Member of the Hawaii House of Representatives from the 37th district
- In office November 3, 2004 – January 3, 2023
- Preceded by: Guy Ontai
- Succeeded by: Trish La Chica

Personal details
- Born: October 24, 1969 (age 56) Honolulu, Hawaii, U.S.
- Party: Democratic
- Alma mater: University of Hawaiʻi

= Ryan Yamane =

American politician

Ryan Ichiro Yamane (born October 24, 1969) is an American politician and a Democratic member of the Hawaii House of Representatives from November 2004 to January 2023 representing District 37. He is the son of former representative Brian Yamane.

Yamane was reelected to a two-year term in the 2022 Hawaiʻi House of Representatives election, but resigned on January 3, 2023 to accept an appointment in Governor Josh Green's cabinet. Gov. Green appointed Trish La Chica to the District 37 seat on February 15, 2023.

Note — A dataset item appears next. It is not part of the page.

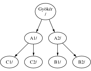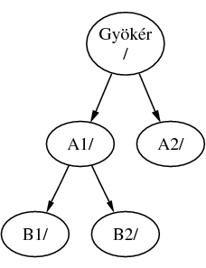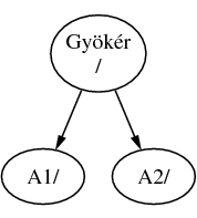 Nevezzük A-t a gyökér állományrendszernek. Ha a könyvtár tartalmának megjelenítéséhez most kiadnánk az ls parancsot, két alkönyvtárat látnánk, az A1-et és A2-t. A létrejött könyvtárfa valahogy így nézne ki:

Yamane served as director of the Hawaii Department of Human Services until May 19, 2026, when he announced his retirement from the department effective immediately. His departure came days after he had been subpoenaed to testify in a state bribery investigation. The office of Governor Josh Green did not provide a reason for Yamane's departure.

==Education==
Yamane earned his Bachelor of Arts in psychology, his MSW, and his Master of Business Administration from the University of Hawaiʻi.

==Elections==
- 2002 Yamane attempted to challenge incumbent Republican Representative Guy Ontai for the District 35 seat, but lost the four-way September 21, 2002 Democratic Primary.
- 2004 Yamane and Representative Ontai were both unopposed for their September 18, 2004 primaries, setting up a rematch; Yamane won the November 2, 2004 General election against Ontai.
- 2008 Yamane was unopposed for both the September 20, 2008 Democratic Primary, winning with 4,036 votes, and the November 4, 2008 General election.
- 2010 Yamane was unopposed for the September 18, 2010 Democratic Primary, winning with 4,493 votes, and won the November 2, 2010 General election with 5,092 votes (54.8%) against Republican nominee Beth Fukumoto.
- 2012 Yamane was unopposed for the August 11, 2012 Democratic Primary, winning with 5,510 votes, and won the November 6, 2012 General election with 8,660 votes (75.1%) against Republican nominee Emil Svrcina.

==Controversy==
As Chair of the House Health, Human Services, and Homelessness Committee he was in charge of amending House Bill 1570. A law that would attempt to rein in tobacco products aimed at young children and teens. His critics have stated that the amendments were "poison pill" amendments meant to "Tank the bill and make sure it never passes." Ryan Yamane has said that the amendments and his decisions around the bill were in no way influenced by the thousands he received in donations from big tobacco companies and corporate lobbyists.

==Bribery indictment==

In July 2026, an Oʻahu grand jury indicted Yamane as part of a state public-corruption investigation conducted by the Hawaii Department of the Attorney General. He was charged with criminal conspiracy to commit bribery and bribery.

According to the indictment, businessman and lobbyist Tobi Solidum allegedly provided Yamane with cash and checks while seeking government funding for COVID-19 testing programs. Prosecutors alleged that Yamane and Solidum had been in contact beginning in 2020 and cited several instances in which Solidum allegedly arranged payments to Yamane. The indictment also alleged that Yamane later sought amendments to legislation providing additional funding for COVID-19 testing sites.

Yamane pleaded not guilty to the charges on July 30, 2026.